Caravan park – Private property – Roadway – Definition of “road” – Appellant challenging conviction of driving on road while disqualified– Whether magistrates erring in defining road as any highway or other road to which public had access – Appeal dismissed
The appellant motorist was convicted of driving while disqualified, having driven a motor vehicle on various roadways within a caravan park and other areas. He was also charged with driving without a insurance. He pleaded guilty to the charge of driving a without an insurance policy on the basis that the roadways were public places.

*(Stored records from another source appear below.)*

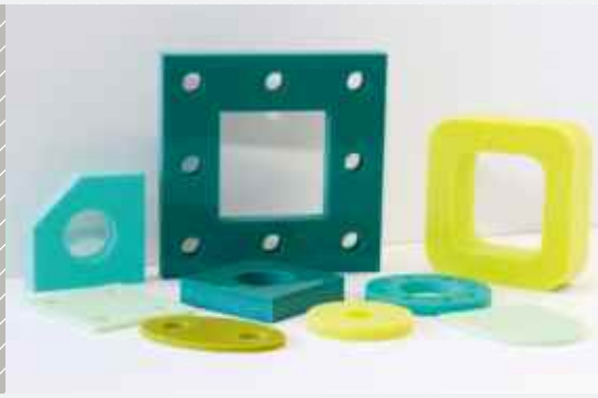
Moulded parts can be produced in a wide variety of shapes and dimensions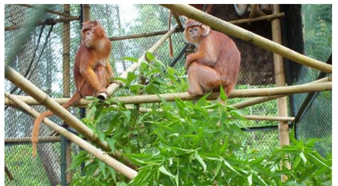
Figure 8. The Javan langurs from UK settling in to their quarantine facility at the JPRC in Bandung, West Java, February 2013.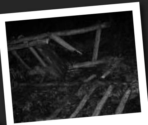
January 7 France -HUNTING SEATS DESTROYED

January 4 Czech Republic -CHRISTMAS EVE VISIT TO PIG FARM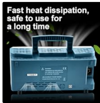
Image: Rear view of the Hantek DSO5102P oscilloscope, illustrating the ventilation grilles designed for fast heat dissipation, ensuring safe operation over extended periods.

airflow and heat dissipation. Adequate ventilation is crucial for long-term stable operation.

With regard to the first charge, the magistrates determined as a preliminary issue that roadways were “roads” for the purposes of section 103 of the Road Traffic Act 1988. They found that: (i) the application of the statutory term “road” was a matter of fact to be determined by a tribunal. properly directing itself in law in the light of all the circumstances; (ii) the public had access to the site throughout the year and used the roadways to access a public beach without restriction; (iii) the roadways had road markings, speed ramps and speed signs that made them easily identifiable as routes leading from one point to another; (iv) there was a public footpath to which the public had unrestricted access along part of the roadways that fell within the definition of “highway”; and (v) the word “road” meant any highway and any other road to which the public had access.
In the light of those findings the appellant pleaded guilty to an offence of driving while disqualified but challenged the magistrates’ findings by way of case stated. The High Court had to determine whether the magistrates, having heard the evidence, were entitled to conclude that a “road” meant “any highway and any other road to which the public had access”, so that the roadways constituted roads for the purposes of section 103.
The appellant argued that the magistrates had erred in law since there was no vehicular through-route on the caravan site which was private property. Moreover, the fact that there was a public footpath on part of the roadway which constituted a highway, did not mean that the roadways amounted to a “road” within the ordinary meaning of that word.
Held: The appeal was dismissed.
(1) The magistrates were entitled to find that the roadways were roads for the purposes of section 103.
(2) The appellant had acknowledged that the roadways were a public place, but also followed points between defined edges used by the public as a route to the beach. In that respect, the instant case could be distinguished from R (on the application of Dunmill) v Director of Public Prosecutions [2004] EWHC 1700 (Admin), in which the purported “road” was on grass and had no evidence of defined edges.
(3 Moreover, a footpath was capable of falling within the definition of a road even if it did not possess the other characteristics of a road such as length and width: Suffolk County Council v Mason [1979] AC 705 applied.
(4) It made no difference that the roadway ended at a point that was not coterminous with the public footpath because the public footpath was a road within the ordinary sense of the word and for the purposes of the statutory definition.
Kathryn Hughes (instructed by Lowless & Lowless) appeared for the appellant; Nicholas Sefton (instructed by the Haverfordwest Crown Prosecution Service) appeared for the respondent.